FCC approval isn’t guaranteed as a result of the April 23rd vote, but it’s likely, as three of the five commissioners — including Pai — tend to vote in lock step. The Wi-Fi Alliance has said that 6GHz-compatible WiFi 6 devices will be ready to go relatively quickly after approval is finalized.
“Once all the rules are in place, products can move relatively quickly,” Blair Levin, an analyst at New Street Research, wrote in a note to his firm’s clients this week about the expected FCC move.
Addendum – FCC Commissioner O’Rielly released the following statement on April 1st:
I am grateful that Chairman Pai has circulated an item to allow sharing between unlicensed services and incumbent providers in the 6 GHz band. Having worked for most of my professional career on unlicensed service issues and having taken on the lead advocate role for 6 GHz, I am extremely pleased that we have finally reached this point. It’s been a long and winding road.
Today’s item effectively concludes some of the substantive debates and will end some extraneous noise surrounding our approach.
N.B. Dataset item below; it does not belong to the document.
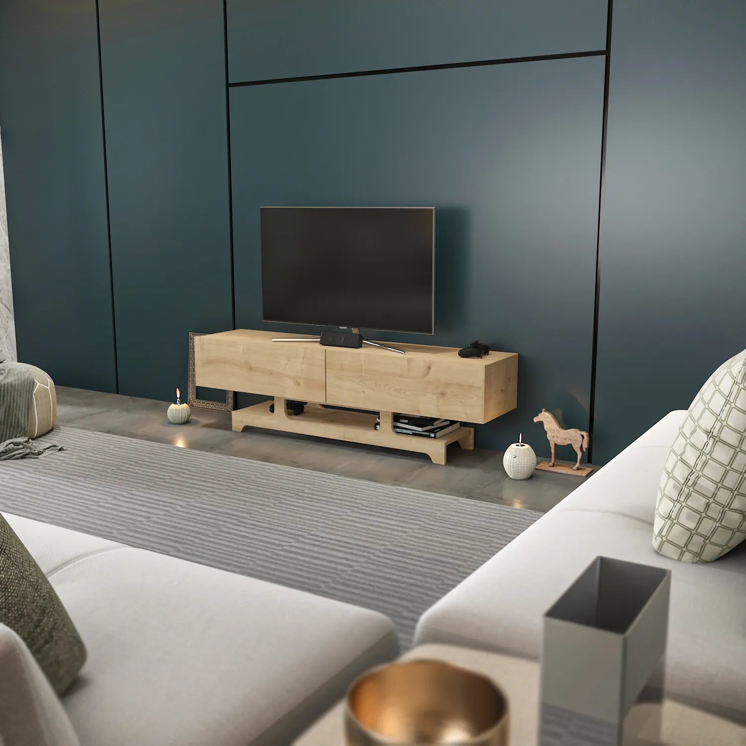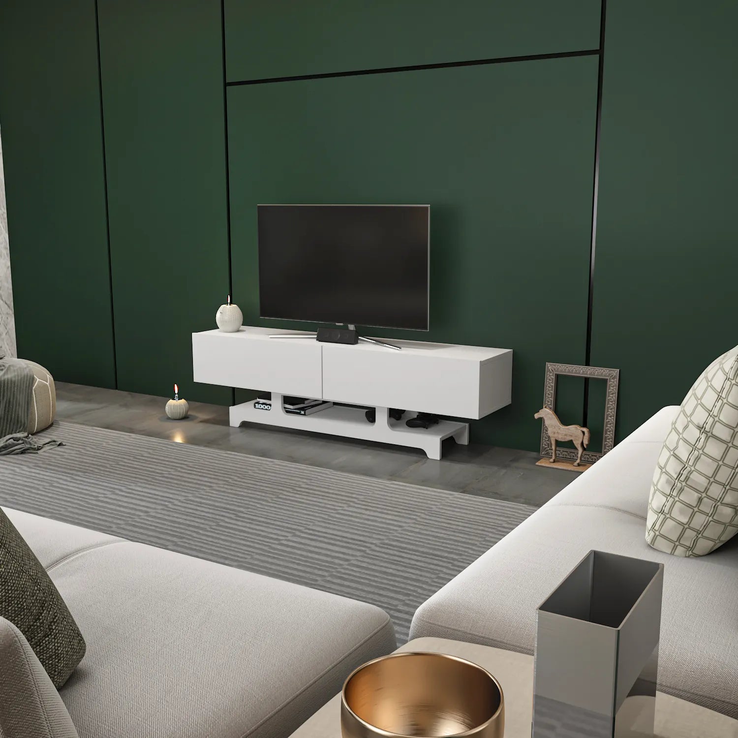 Crafted from 18mm thick high-quality melamine coated particle board, and featuring first-class PVC edge banding tape, the Tera TV stand ensures durability and longevity. It is manufactured using eco-friendly and health-friendly materials, providing peace of mind for your home environment. The product is shipped disassembled in its original packaging and can be easily assembled using basic household tools such as a power drill. Assembly instructions and installation hardware are included, and the parts are numbered for effortless and error-free installation.

While I look forward to reading the specifics, it appears very consistent with my emphatic support for protecting incumbent users while permitting varied unlicensed services within the band.
Specifically, higher powered unlicensed services will be allowed in the band using a slimmed-down automated frequency coordination (AFC) regime, while low power indoor (LPI) use, which probably could use a closer review and improvements to its technical rules over the next couple weeks, will be allowed throughout the band without an AFC.
Although it initially settles on certain lower power limits for LPI use, the further notice will explore increasing these limits, as well as setting workable power limits and more specifics to effectuate very lower powered (VLP) unlicensed devices. “Over the last few years, I have heard from entrepreneurs and innovators discussing how dramatic the impact would be of unleashing such a large unlicensed allocation with seven 160 megahertz channels. I can’t wait to see, and use, the new services and ideas brought forward because of our work here.
Today’s action to permit all 1200 megahertz of the band to be used for unlicensed services means that proposals to license portions of the band were not accepted. I fully support this outcome, but I also remain fully committed to identifying other mid-bands for licensed services. Simply put, U.S. wireless providers must have more mid-band spectrum to meet consumer demand, and I will fight to refill the spectrum pipeline for future licensed wireless services.
This effort is absolutely vital to preserving U.S. leadership in wireless technology and to alleviate the demands being placed on existing networks. I firmly believe that the most likely candidate bands for this purpose are Federal spectrum allocations, such as the 3.1 to 3.55 GHz band, that can be converted to commercial use.
I look forward to discussing this draft with interested parties in the coming weeks, and I will go out on a limb to predict a unanimous vote from my colleagues.